Recorded information Block Start

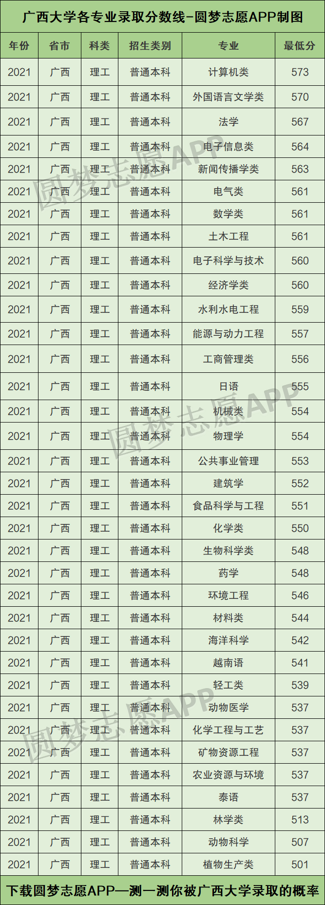 以上王牌专业的评价仅以录取分数线为标准,如果你想看:教育部官方认定的广西大学王牌专业名单,请直接下载圆梦志愿APP进行查看(各大手机应用市场,均可下载圆梦志愿APP)
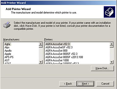 Step 10 Continue with the Add Printer Wizard. Choose your printer from the list or click Have Disk and point to your printer driver disk.
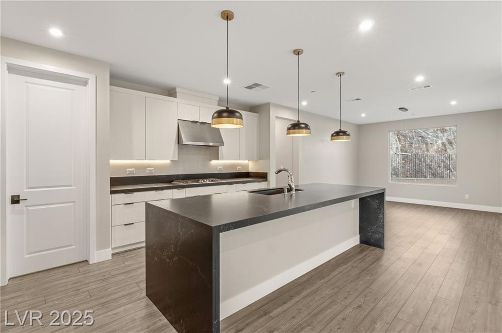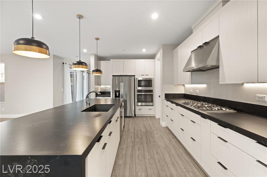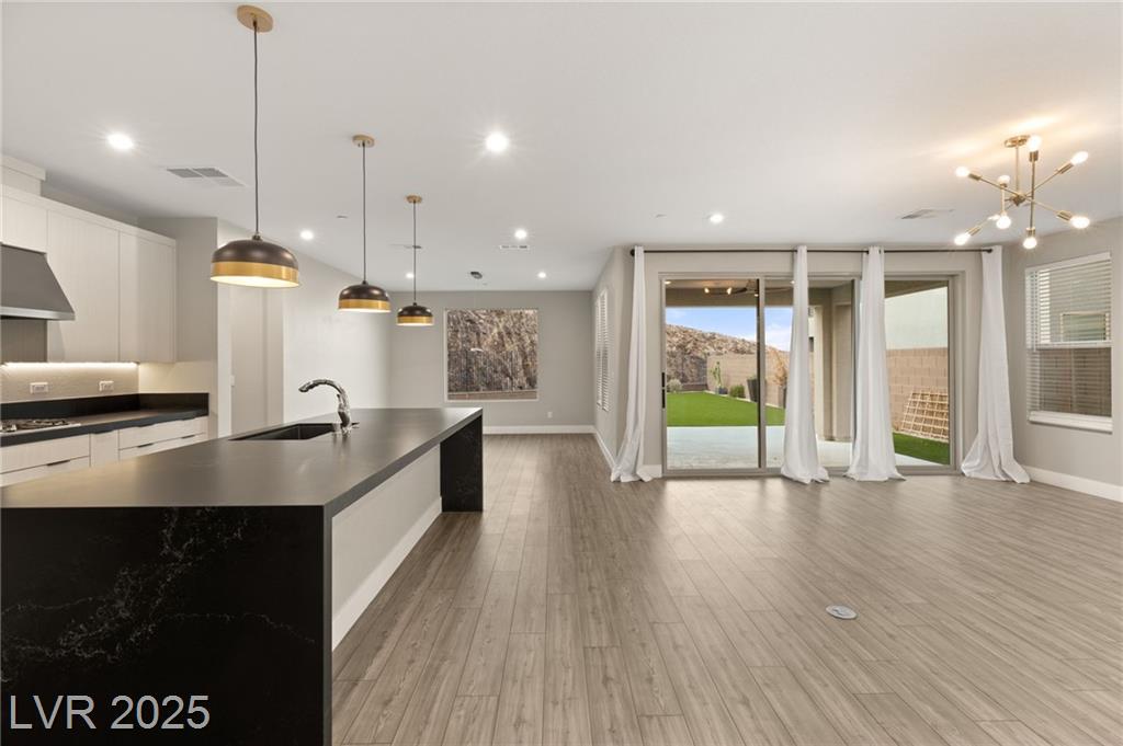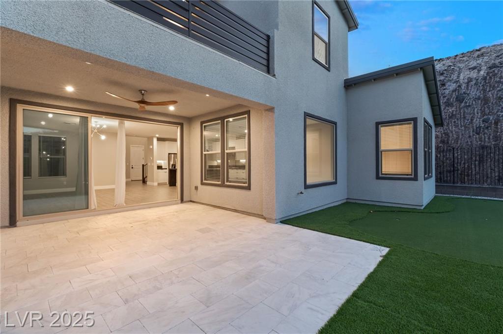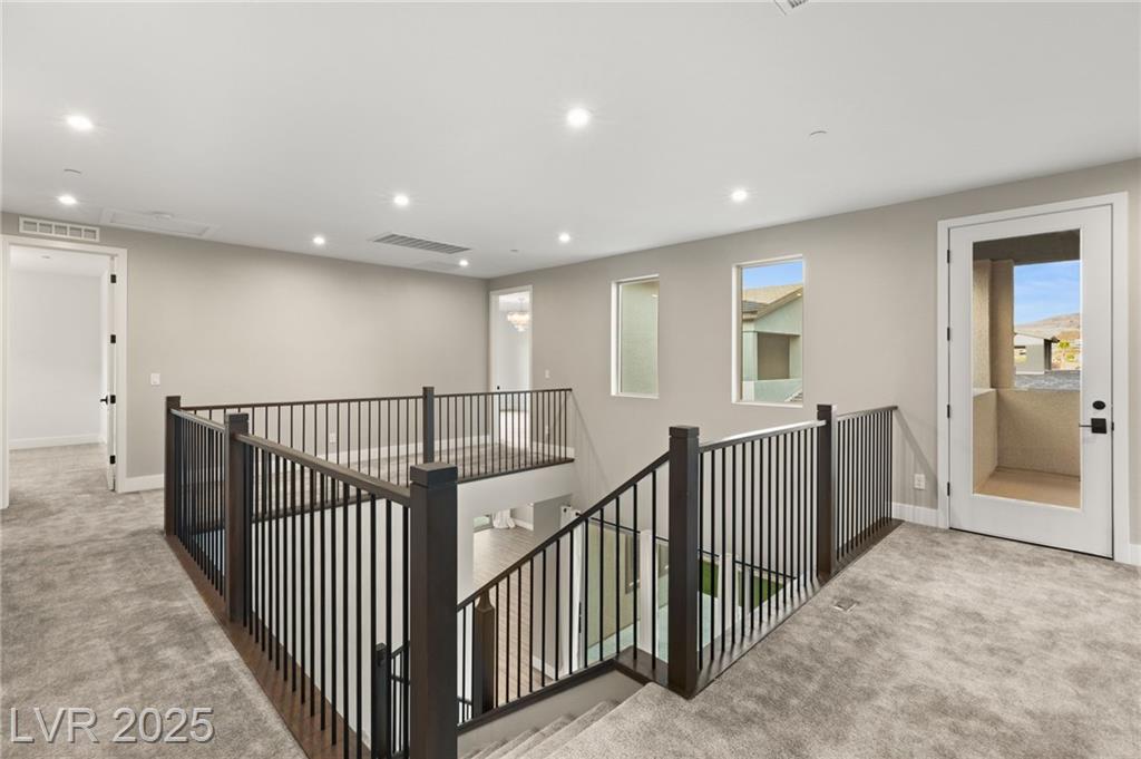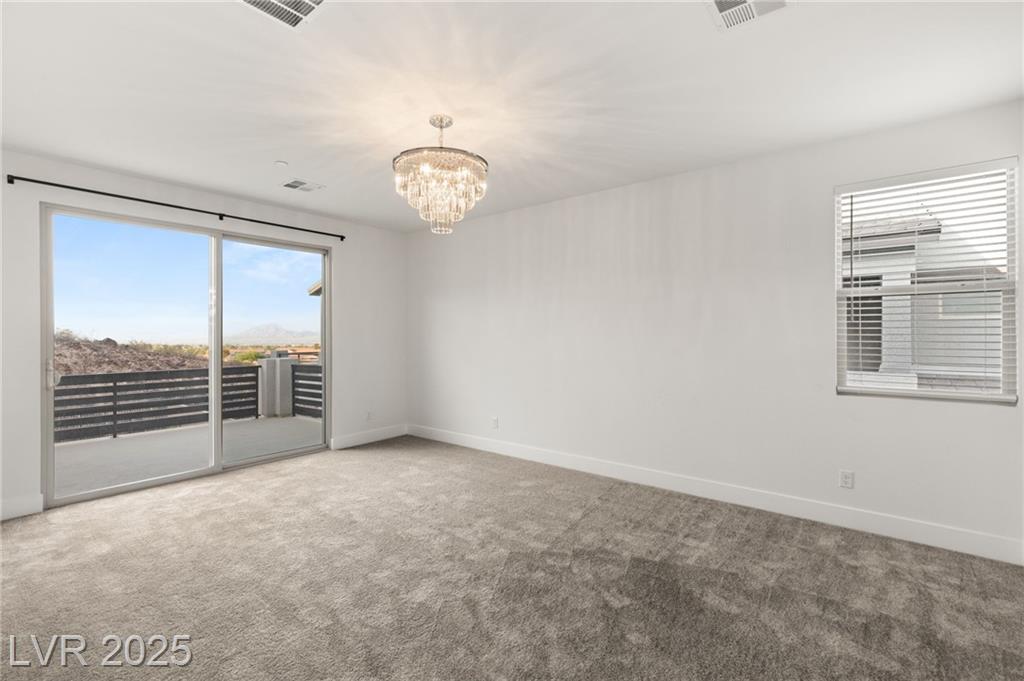 Luxury home in the gated community of Midnight Ridge, a secluded canyon surrounded by foothills and landscapes! Located at the end of a private cul-de-sac, this home offers unparalleled privacy. The expansive open floor plan features generously sized bedrooms and upgraded ceiling heights. Upon entering, you'll find a designer wall and modern fixture. The kitchen is a chef's dream with quartz countertops, a matte black island, stainless steel appliances & walk in pantry. Downstairs includes luxury vinyl flooring & full bedroom suite with a private bath. Upstairs, the primary bedroom features a balcony and a large walk-in closet. The primary bath offers a spa-like experience with a walk-in shower, dual sinks, quartz counters & rain shower. The home includes modern stair railing and smart home technology. With outdoor living spaces, including two balconies, a courtyard, stacking doors to the patio, a putting green, and a large lot, this home is your personal retreat atop the mountains!
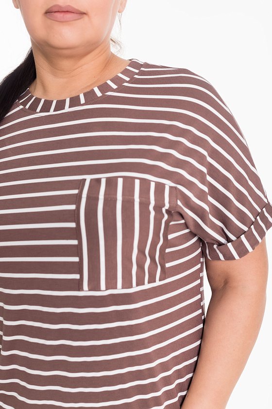 Футболка из вискозного полотна в полоску — базовая модель с современными деталями. Спущенный рукав создаёт мягкий, расслабленный силуэт. Горловина с притачной планкой и отвёрнутые налицо манжеты добавляют чёткости форме. Функциональность и стиль завершает накладной карман на полочке. Универсальная модель для создания повседневных образов.

Recorded information Block End

**Exercise description:** Copy the full listing above exactly, apart from the pictures.

**Solution:**
 以上王牌专业的评价仅以录取分数线为标准,如果你想看:教育部官方认定的广西大学王牌专业名单,请直接下载圆梦志愿APP进行查看(各大手机应用市场,均可下载圆梦志愿APP)
 Step 10 Continue with the Add Printer Wizard. Choose your printer from the list or click Have Disk and point to your printer driver disk.
 Luxury home in the gated community of Midnight Ridge, a secluded canyon surrounded by foothills and landscapes! Located at the end of a private cul-de-sac, this home offers unparalleled privacy. The expansive open floor plan features generously sized bedrooms and upgraded ceiling heights. Upon entering, you'll find a designer wall and modern fixture. The kitchen is a chef's dream with quartz countertops, a matte black island, stainless steel appliances & walk in pantry. Downstairs includes luxury vinyl flooring & full bedroom suite with a private bath. Upstairs, the primary bedroom features a balcony and a large walk-in closet. The primary bath offers a spa-like experience with a walk-in shower, dual sinks, quartz counters & rain shower. The home includes modern stair railing and smart home technology. With outdoor living spaces, including two balconies, a courtyard, stacking doors to the patio, a putting green, and a large lot, this home is your personal retreat atop the mountains!
 Футболка из вискозного полотна в полоску — базовая модель с современными деталями. Спущенный рукав создаёт мягкий, расслабленный силуэт. Горловина с притачной планкой и отвёрнутые налицо манжеты добавляют чёткости форме. Функциональность и стиль завершает накладной карман на полочке. Универсальная модель для создания повседневных образов.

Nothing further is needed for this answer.